11. The device of claim 5, wherein said second non-conductive
charge storage layer is comprised of at least one of silicon
nitride and silicon rich nitride.
12. The device of claim 1, wherein said charge storage layer is
comprised of silicon nitride and said gate electrode is comprised
polysilicon.
13. The device of claim 1, wherein said charge storage layer is
comprised of a conductive material.
14. The device of claim 1, wherein said charge storage layer and
said gate electrode are made of the same material.
15. A device, comprising: a gate insulation layer comprised of
silicon dioxide; a first conductive storage layer positioned on the
gate insulation layer; a first non-conductive charge storage layer
comprised of silicon nitride positioned on the first conductive
storage layer; a blocking insulation layer positioned above the
first non-conductive charge storage layer; and a gate electrode
comprised of polysilicon positioned on said blocking insulation
layer.
16. The device of claim 15, further comprising: a second conductive
storage layer positioned above said first non-conductive charge
storage layer; and a second non-conductive charge storage layer
positioned above said second conductive storage layer and below
said blocking insulation layer.
17. The device of claim 16, wherein said second conductive storage
layer contacts said first non-conductive charge storage layer and
said second non-conductive charge storage layer contacts said
second conductive storage layer.
Description
BACKGROUND OF THE INVENTION
[0001] 1. Field of the Invention
[0002] Generally, the present disclosure generally relates to the
manufacturing of sophisticated semiconductor devices, and, more
specifically, to novel non-volatile memory devices with an
additional conductive storage layer.
[0003] 2. Description of the Related Art
[0004] Non-volatile memory devices are in widespread use in many
modern integrated circuit devices and in many consumer products.
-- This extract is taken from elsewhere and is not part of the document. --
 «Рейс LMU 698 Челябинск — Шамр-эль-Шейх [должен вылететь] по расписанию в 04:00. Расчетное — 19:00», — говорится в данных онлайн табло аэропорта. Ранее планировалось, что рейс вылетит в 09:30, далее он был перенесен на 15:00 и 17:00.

In
general, memory devices are the means by which electrical
information is stored. FIG. 1A depicts one illustrative example of
a prior art memory device 100. In general, the memory device 100
includes a gate insulation layer 20 (sometimes referred to as a
"tunnel oxide"), a charge storage layer 22, a blocking insulation
layer 24, a gate electrode 26, spacers 28, and illustrative
source/drain regions 30. The illustrative memory device 100 is
formed in and above the active layer 10C of the semiconducting
substrate 10. An illustrative isolation structure 12, e.g., a
shallow trench isolation structure, that is formed in the substrate
10 to electrically isolate the memory device 100 from other
adjacent devices is also depicted. In one illustrative embodiment,
the semiconducting substrate 10 a silicon-on-insulator (SOI)
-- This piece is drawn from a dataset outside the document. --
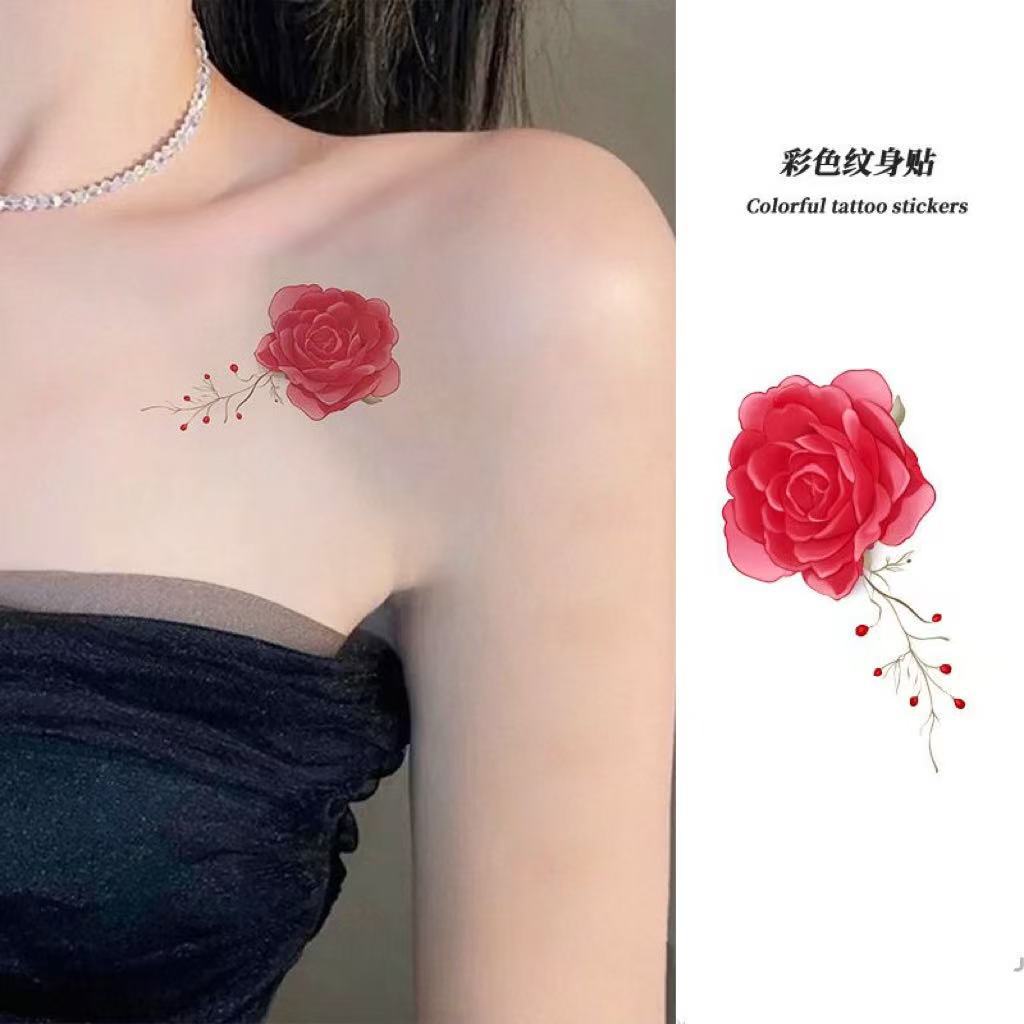 セクシーなバラの花の人気のタトゥーステッカー、鎖骨と足首の女の子用、美しく、新鮮で、防水性があり、傷跡をカバーするのに長持ちします。

substrate comprised of bulk silicon 10A, a buried insulation layer
10B (commonly referred to as a "BOX" layer) and an active layer
10C, which may also be a silicon material. The various structures
depicted in FIG. 1A may be made from a variety of material. In one
typical configuration that is commonly employed the gate insulation
layer 20 and the blocking insulation layer 24 are made of silicon
dioxide, the charge storage layer 22 is made of silicon nitride (or
a silicon rich nitride), and the gate electrode 26 is made of
polysilicon. This is sometimes referred to as an "ONO" type memory
device because of the materials employed (Oxide-Nitride-Oxide), a
charge trapping or a SONOS (Silicon-Oxide-Nitride-Oxide-Silicon)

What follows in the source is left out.